AIM OF THE TASK
Beginning with the line below that contains "太可爱啦暑假结束啦, 快来成都错峰旅行‼️ 建议到成都的第一件事, 就是先把满大街的熊猫拍个遍~" and ending with the line that contains "26)は「増水した米代川を小", retype every line exactly. Pictures are not copied.
##### DATA PROVIDED
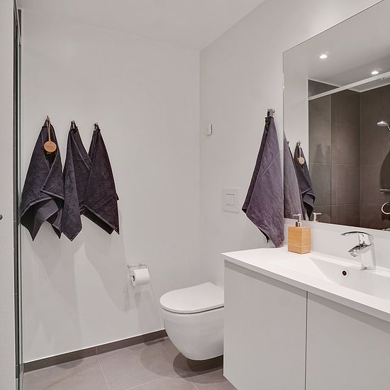 Experience this stylish apartment of 63 square meters, ideally located with a breathtaking view. The entire home features underfloor heating. The open kitchen-living room creates an inviting atmosphere, with large windows, perfect for both everyday life and social gatherings. The kitchen is equipped with modern elements that offer both functionality and aesthetics. The spacious bedroom has plenty of room for both a bed and a desk. The bathroom is elegantly designed with laundry facilities, making everyday life easy and comfortable. Every ...
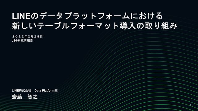 LINEのデータプラットフォームにおける 新しいテーブルフォーマット導入の取り組み 齋藤 智之 LINE株式会社 Data Platform室 2022年2月28日 J24-6
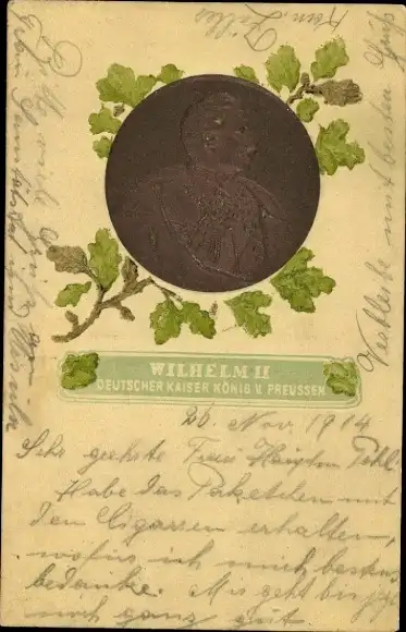 Präge Ak Kaiser Wilhelm II., Porträt, Eichenlaub
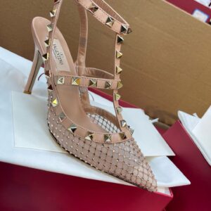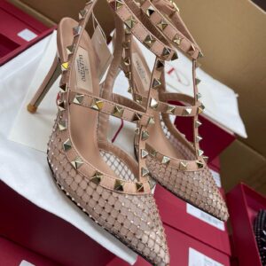 Crafted from mesh and leather trim and sculpted to a pointed-toe silhouette, these Valentino Garavani pumps feature mesh inserts embellished with rhinestones. They’re finished with signature Rockstud detailing — a motif inspired by ‘bugnatos’, often seen on palazzo-style buildings in Rome.
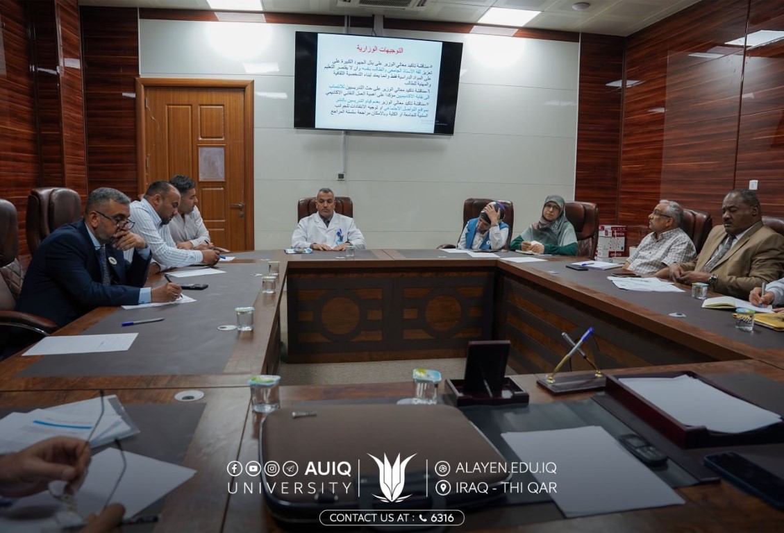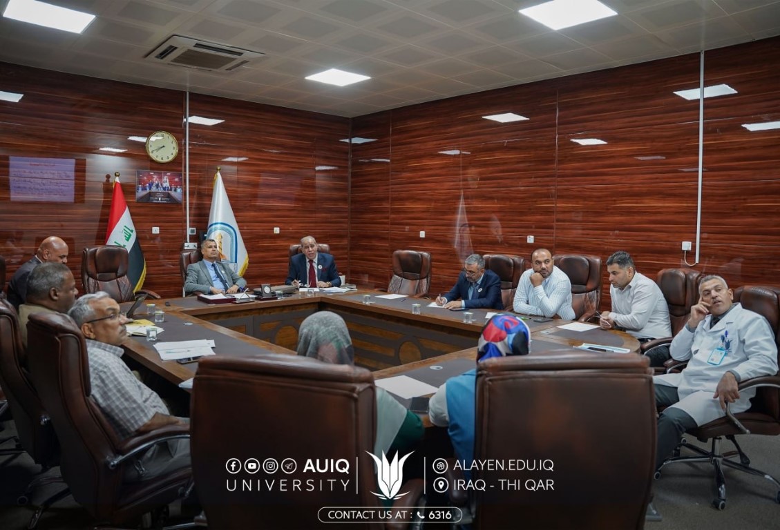 حيث ترأس المجلس عميد كلية الطب جامعة العين العراقية الإستاذ الدكتور عدنان طعان الخفاجي وبحضور السادة المعاونين ورؤساء الفروع العلمية .
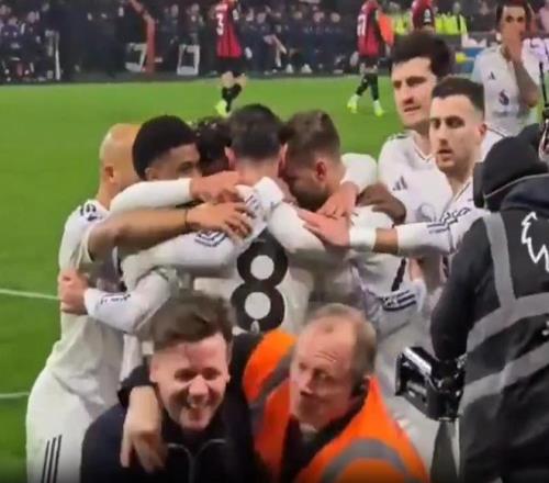 一球迷在曼聯(lián)球員慶祝時混入其中和B費(fèi)擁抱,達(dá)洛特神情疑惑
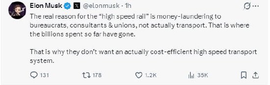 驰盈策略马斯克回复称:“这条‘高铁’的确实策画并非为了交通,而是为了给官僚、护士人和工会洗钱。迄今截止参预多数资金齐用在了这些方面。这便是为什么他们不思要一个真肃穆济高效的高速交通系统。”
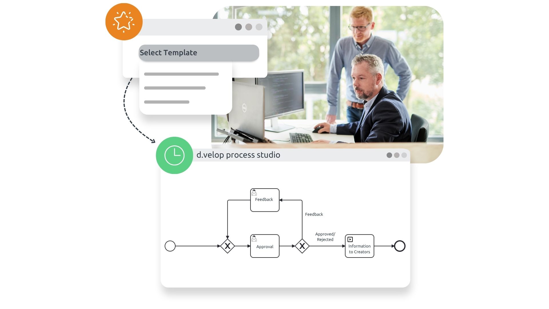 Create processes efficiently with access to templates from both the d.velop Template Library and your own use cases.
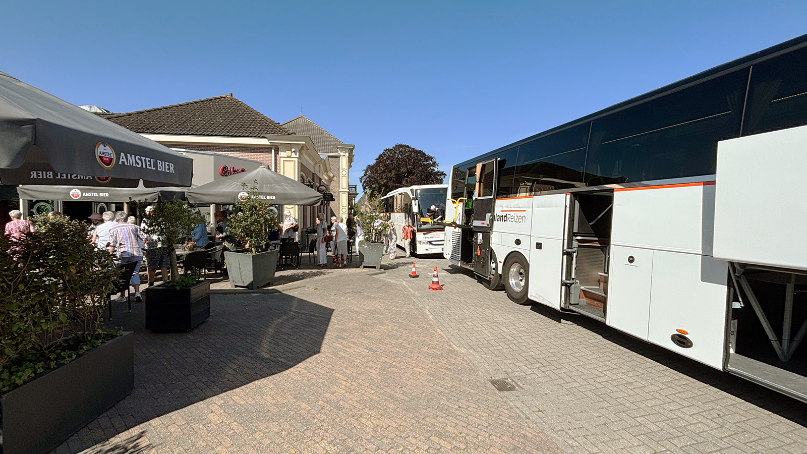 Maar toen iedereen een plekje in de bussen gevonden had, konden we wel, zei het iets later, vertrekken.
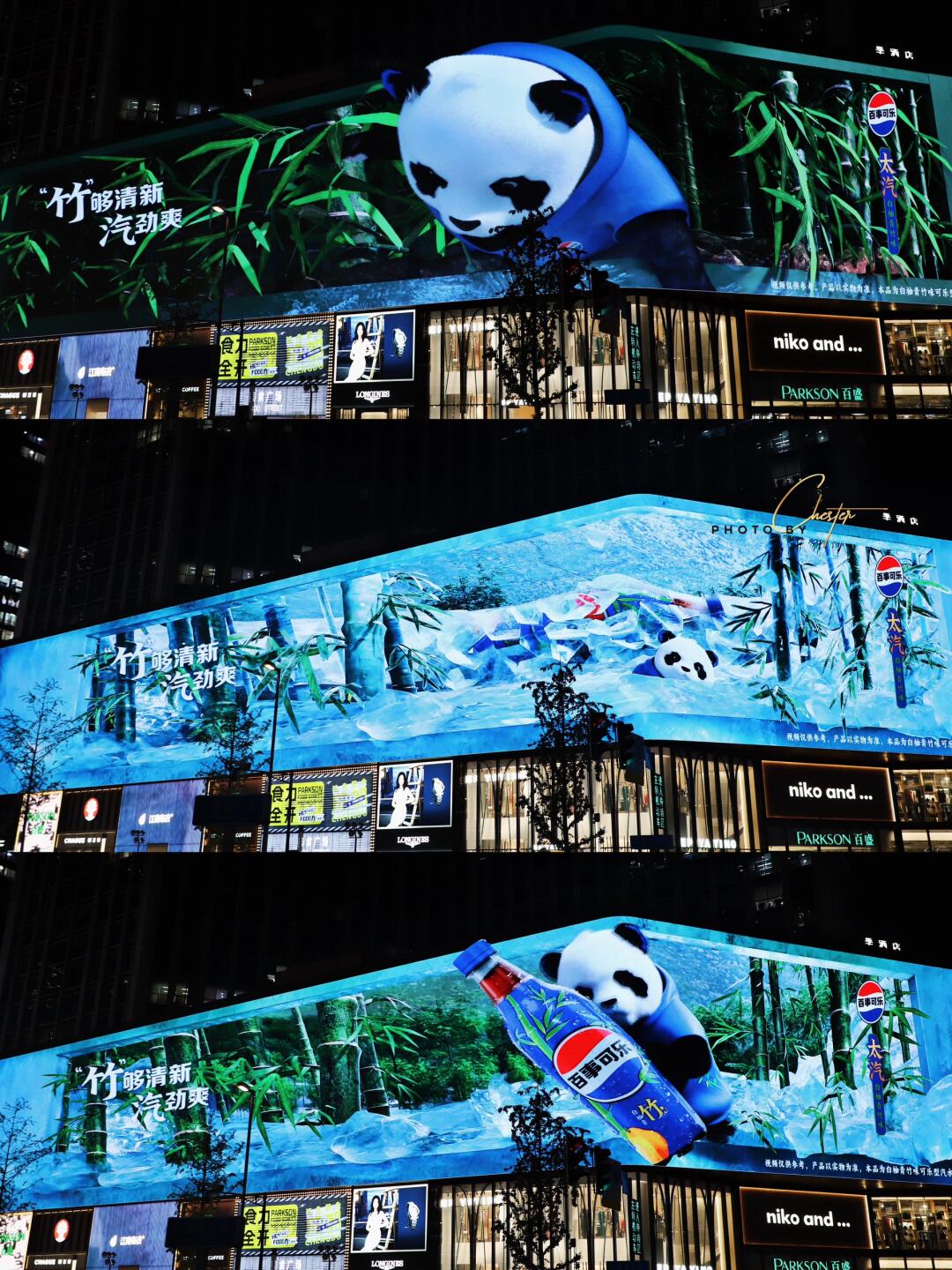 太可爱啦暑假结束啦, 快来成都错峰旅行‼️ 建议到成都的第一件事, 就是先把满大街的熊猫拍个遍~ 呐,超全的熊猫打卡攻略, 作业给你抄~ . 1️⃣春熙路百盛购物中心3D大屏 和百事可乐太汽系列联动 赛博熊猫来了‼ 清爽的竹林背景中,憨态可掬的熊猫像是要爬出屏幕了一样,逼真又巨巨巨可爱‼️ 站在熊猫下面分分钟拍大片~ 2️⃣熊猫巴士 春熙路地铁D口出来就能看到~
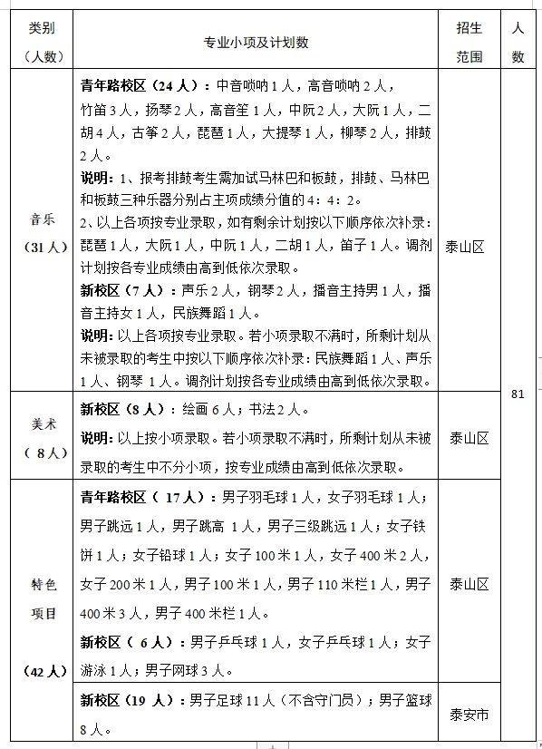 泰安一中2021年艺体特长生招生计划分为艺术类特长生计划和体育专项特色项目计划。其中,篮球和足球特色项目面向泰安市招生,其它类面向泰山区招生(招生计划及相关要求见附件)。
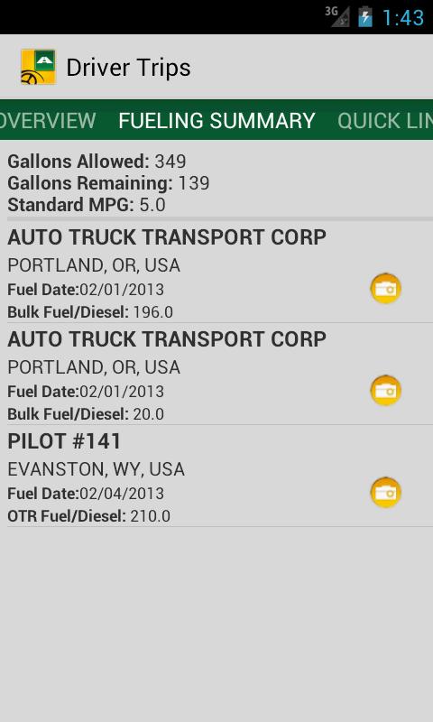 ड्राइवरों के लिए एक आंतरिक उपकरण उनकी यात्राओं पर उपयोग करने के लिए.
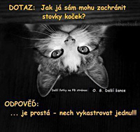 všem, kteří potřebují umístit kočku. Stále se objevují lákavé inzeráty na umístění zvířat. Většinou se jedná o kočky i kocoury jakéhokoliv věku zdarma nebo za symbolickou cenu. Zdarma získaná zvířata ale mohou být využívána pro jiné účely, např. na výcvik loveckých psů a norníků tzv. na ostrost. Více Zajímavosti z tisku a netu Myš není proti kočce bez šance. Když se nechová jako kořist, říká etoložka (Hobby.idnes.cz 21.4.2014) Budete možná překvapeni, co si o vás myslí vaše kočka (hobby.idnes.cz 31.3.2014) Kolik koček je tak akorát? (MVDr. Hana Žertová 3.8.2013)
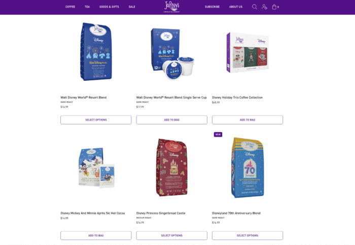 If you’re a serious coffee lover and want to make sure there’s never a lull, you can also sign up for their subscription service. They have 3 different options, but you can also sign up for the Disney Coffee Collection. You can select between ground or whole bean and receive 3 specialty flavors curated by the team.
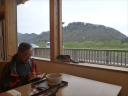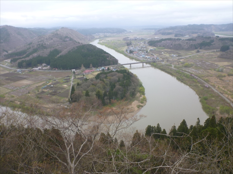 26)は「増水した米代川を小舟で渡っている最中のに隣の大型船から7人が水に落ちた」と書いていた。今日も雪解けと雨で水量が多い。記念撮影のため青空を映す川面を望んだが無理な相談であった。
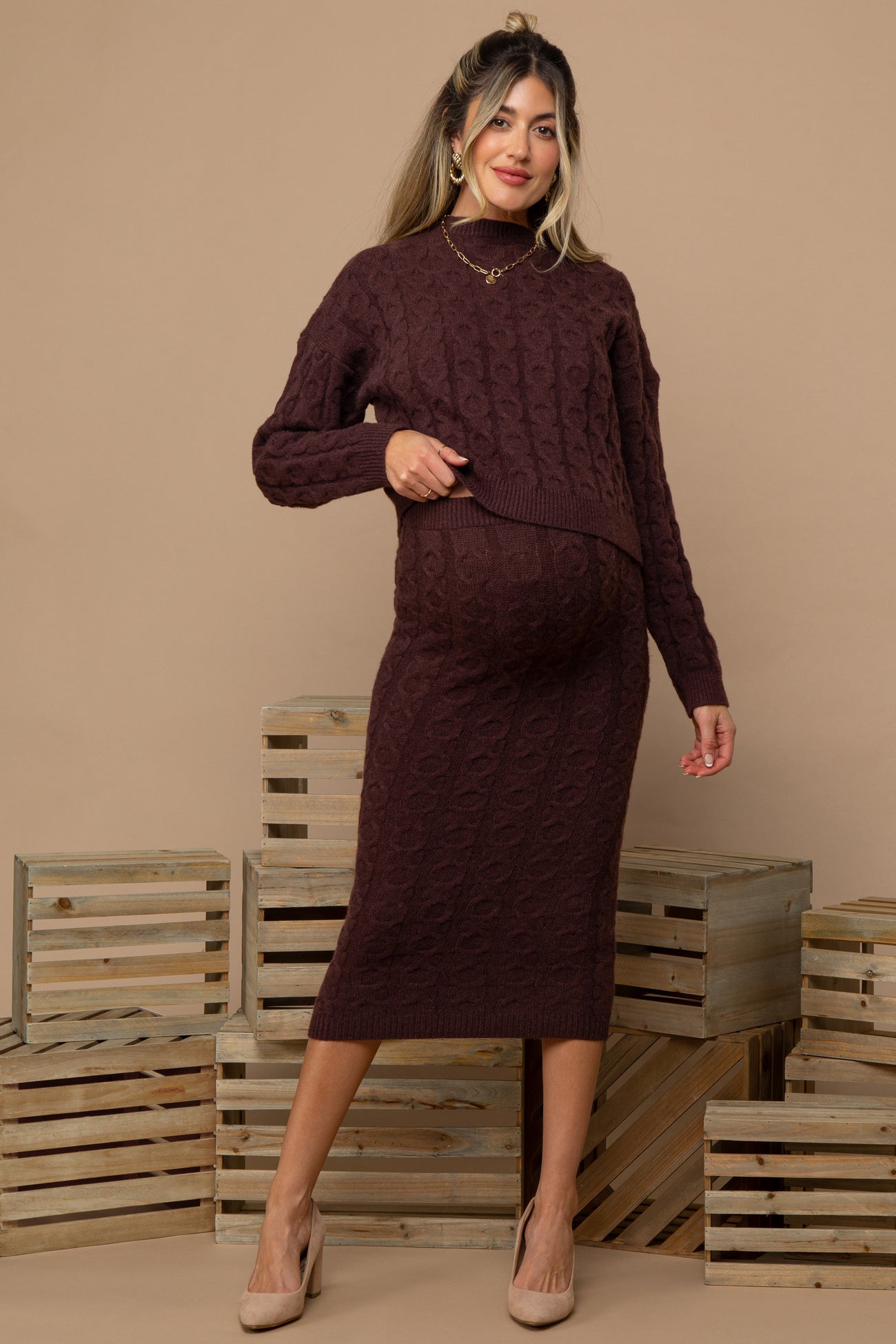 Brown Cable Knit Cropped Sweater Midi Skirt Maternity Set
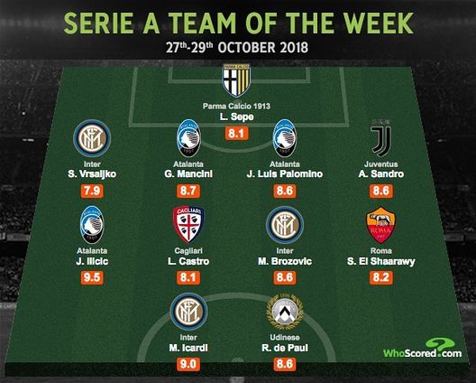 Lo show dell'Inter all'Olimpico contro la Lazio ha ripercussioni anche sulla top 11 della Serie A per quanto riguarda l'ultimo turno. Come sempre, il sito di statistiche Whoscored elegge i migliori ruolo per ruolo. E sono ben tre gli interisti in formazione, solo l'Atalanta pareggia il numero degli interisti. Oltre a Brozovic e Icardi, ovviamente scelti, spicca anche la presenza di Sime Vrsaljko, sempre più a suo agio dopo il rientro dall'infortunio. Ecco la formazione scelta:
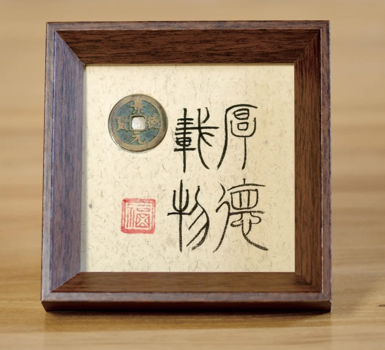 COINBASE“厚德载物+古钱”手写书法办公桌文创
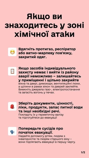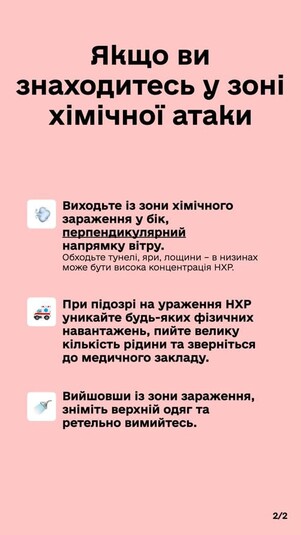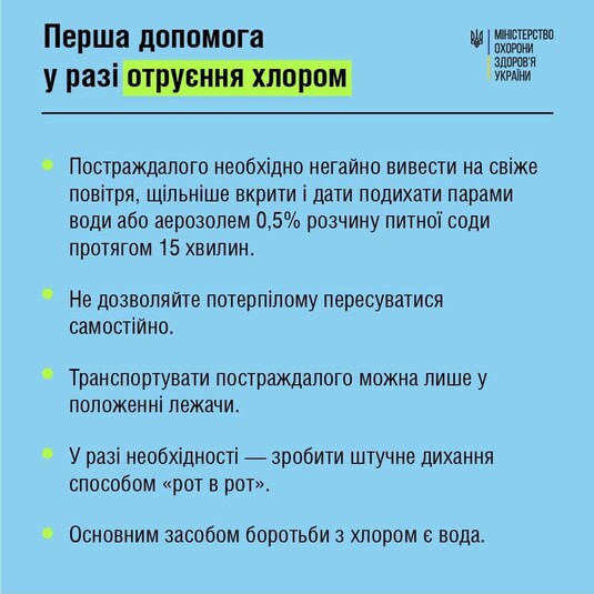 Агресор, звичайно, може завдати ударів по українських хімічних виробництвах, але це досить безглуздо, враховуючи, що там практично немає небезпечних хімічних речовин. Але що робити при отруєнні хлором чи аміаком, про всяк випадок треба знати.
##########
ANSWER TO THIS PROBLEM
 太可爱啦暑假结束啦, 快来成都错峰旅行‼️ 建议到成都的第一件事, 就是先把满大街的熊猫拍个遍~ 呐,超全的熊猫打卡攻略, 作业给你抄~ . 1️⃣春熙路百盛购物中心3D大屏 和百事可乐太汽系列联动 赛博熊猫来了‼ 清爽的竹林背景中,憨态可掬的熊猫像是要爬出屏幕了一样,逼真又巨巨巨可爱‼️ 站在熊猫下面分分钟拍大片~ 2️⃣熊猫巴士 春熙路地铁D口出来就能看到~
 泰安一中2021年艺体特长生招生计划分为艺术类特长生计划和体育专项特色项目计划。其中,篮球和足球特色项目面向泰安市招生,其它类面向泰山区招生(招生计划及相关要求见附件)。
 ड्राइवरों के लिए एक आंतरिक उपकरण उनकी यात्राओं पर उपयोग करने के लिए.
 všem, kteří potřebují umístit kočku. Stále se objevují lákavé inzeráty na umístění zvířat. Většinou se jedná o kočky i kocoury jakéhokoliv věku zdarma nebo za symbolickou cenu. Zdarma získaná zvířata ale mohou být využívána pro jiné účely, např. na výcvik loveckých psů a norníků tzv. na ostrost. Více Zajímavosti z tisku a netu Myš není proti kočce bez šance. Když se nechová jako kořist, říká etoložka (Hobby.idnes.cz 21.4.2014) Budete možná překvapeni, co si o vás myslí vaše kočka (hobby.idnes.cz 31.3.2014) Kolik koček je tak akorát? (MVDr. Hana Žertová 3.8.2013)
 If you’re a serious coffee lover and want to make sure there’s never a lull, you can also sign up for their subscription service. They have 3 different options, but you can also sign up for the Disney Coffee Collection. You can select between ground or whole bean and receive 3 specialty flavors curated by the team.
 26)は「増水した米代川を小舟で渡っている最中のに隣の大型船から7人が水に落ちた」と書いていた。今日も雪解けと雨で水量が多い。記念撮影のため青空を映す川面を望んだが無理な相談であった。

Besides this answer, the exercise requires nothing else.